In this paper, a novel joint deep learning technique is developed to recognize the racial identity aware facial expressions. The proposed racial identity-aware network (RIA-Net) learns the facial expressions from facial images and extracts the racial identity features from a pre-trained racial identity network (RI-Net). The RI-Net is trained using the multi-culture dataset with culture annotations such as Japanese, Taiwanese, American, Caucasian and Moroccan. The fusion of expression features and racial identity features makes the model robust to the racial identity variations. Therefore, this study makes a major contribution to research on multi-culture facial expression recognition by learning the cultural variations in facial expression representation. To the best of our knowledge, there is no literature work using a racial identity feature with expression features merged to jointly learn the multi-culture facial expression representation.
In the following sections, we first provide an overview of related works in
Section 2. The proposed model architecture and overview of the dataset used in this paper are explained in
Section 3. We then provide the experimental results and model performance visualisation in
Section 4. Finally, we conclude the paper in
Section 5.
2. Related Work
It has been proved that facial expression representation is not only influenced by muscular deformation of facial structure, but also by many other social factors such as culture, geography, and ethnicity [
11]. Most of the studies in the area of facial expression recognition research have investigated only the effects of muscular deformation of facial structure [
12]. However, the social factors are ignored, with very few studies addressing it so far. Ali et al. [
13] present a multi-cultural face expression detection method based on enhanced NNE (neural network ensemble) collections. The acted still images were gathered from three databases: JAFFE, TFEID and RadBoud, and came from four distinct cultural and ethnic groups. Srinivasan and Martinez [
14] presented the visual analysis of cross-culture and culture-specific representation and perception of facial expressions.

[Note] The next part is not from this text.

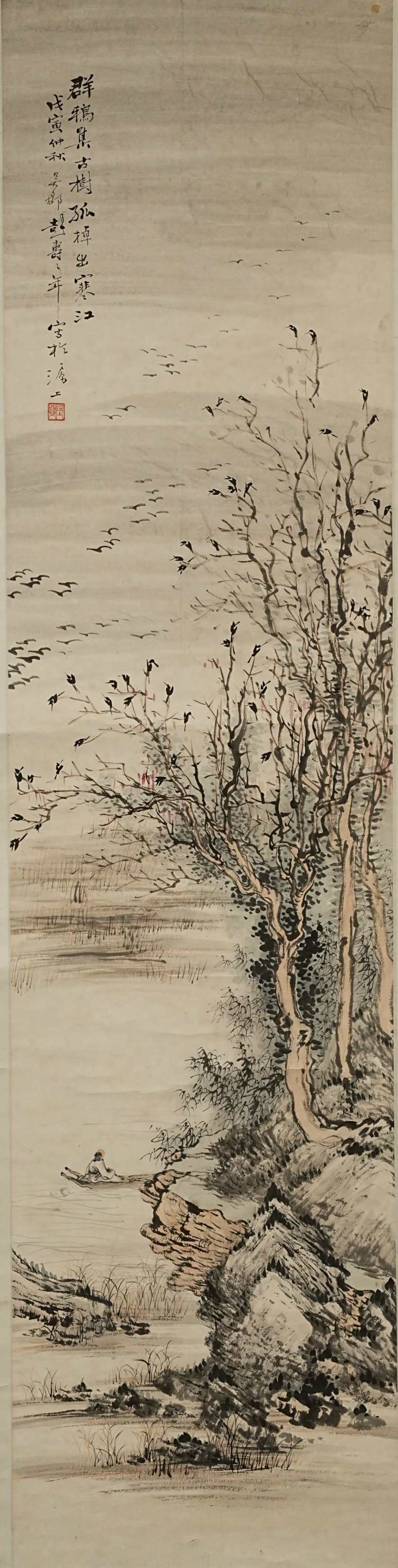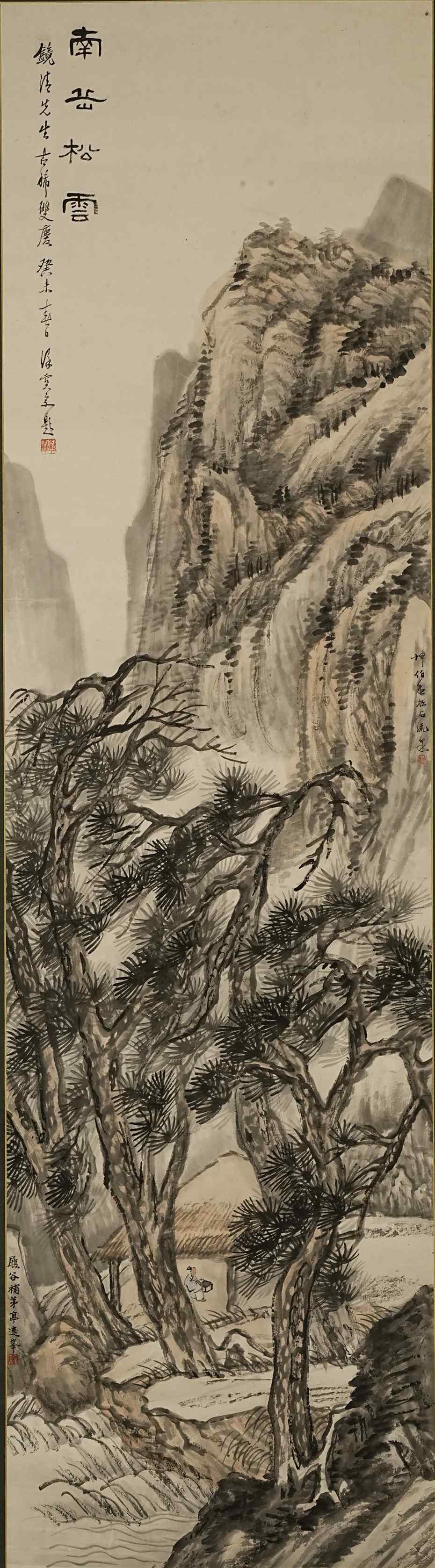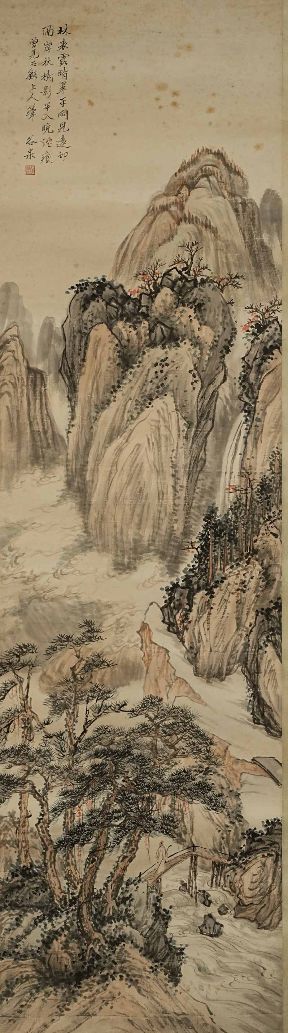 504 顾坤伯 宗履谷 山水人物图 纸本挂轴 日本桐箱附
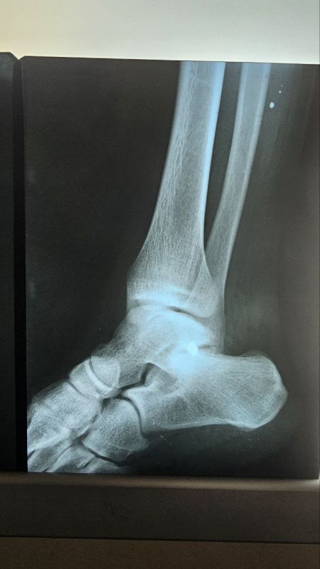 Прибывшая бригада скорой медицинской помощи госпитализировала юношу с несколькими травмами. Врачи поставили диагноз минно-взрывная травма, осколочное ранение головы, осколочное ранение нижней трети правой голени с повреждением ахиллова сухожилия, открытый краевой перелом правой таранной кости и обнаружили инородное тело (осколок), застрявшее в области правого голеностопного сустава.

Convolution neural network (CNN) based models have been widely used for racial identity recognition and facial emotions recognition. Vo et al. [
15] compared the performance of two deep learning models, the RR-CNN and RR-VGG, for race recognition of Japanese, Chinese, Brazilian and Vietnamese people. Similarly, Wang et al. [
16] tackle the problem of ethnicity recognition using deep CNN. The proposed CNN model classifies the sample subjects as white or black, Chinese or Non-Chinese, Han and Uyghur or Non-Chinese. Moreover, deep learning is currently an emerging area of research that significantly improves the performance of facial expression recognition systems. One of the current trends in facial expression recognition is the use of multiple deep convolutional neural networks. Pons and Masip [
17] proposed two stages of deep learning architecture to recognise facial expressions. First, a set of deep convolutional neural networks trained to learn facial expressions from sample images and applied DCNN at the second stage to combine individual DCNN decisions to predict the presence of an expression. Wen et al. [
18] used a set of CNN’s as base classifiers to output the probability of each facial expression and then fused these probabilities through the probability-based fusion technique to classify the facial expressions. Shim et al. [
19] trained a multitasking deep convolutional neural network model for facial region detection and face angle estimation, along facial expression classification.
The most relevant work to this study is presented in [
20], where joint learning is proposed to recognise facial expressions and expression intensity. Similarly, Oyedotun et al. [
21] proposed a deep combined learning method that efficiently learns the features from RGB data and depth map data to recognise facial expressions. Subsequently, Ji et al. [
22] introduced a feature fusion network in a cross-category way to identify the facial expressions in cross database scenarios. Hasani et al. [
23] proposed a technique for FER in videos using a 3D CNN model. This novel network system was composed of three-dimensional inception-ResNet followed by an LSTM unit that jointly captures spatial relationships between facial structure and temporal information incorporated from various video segments.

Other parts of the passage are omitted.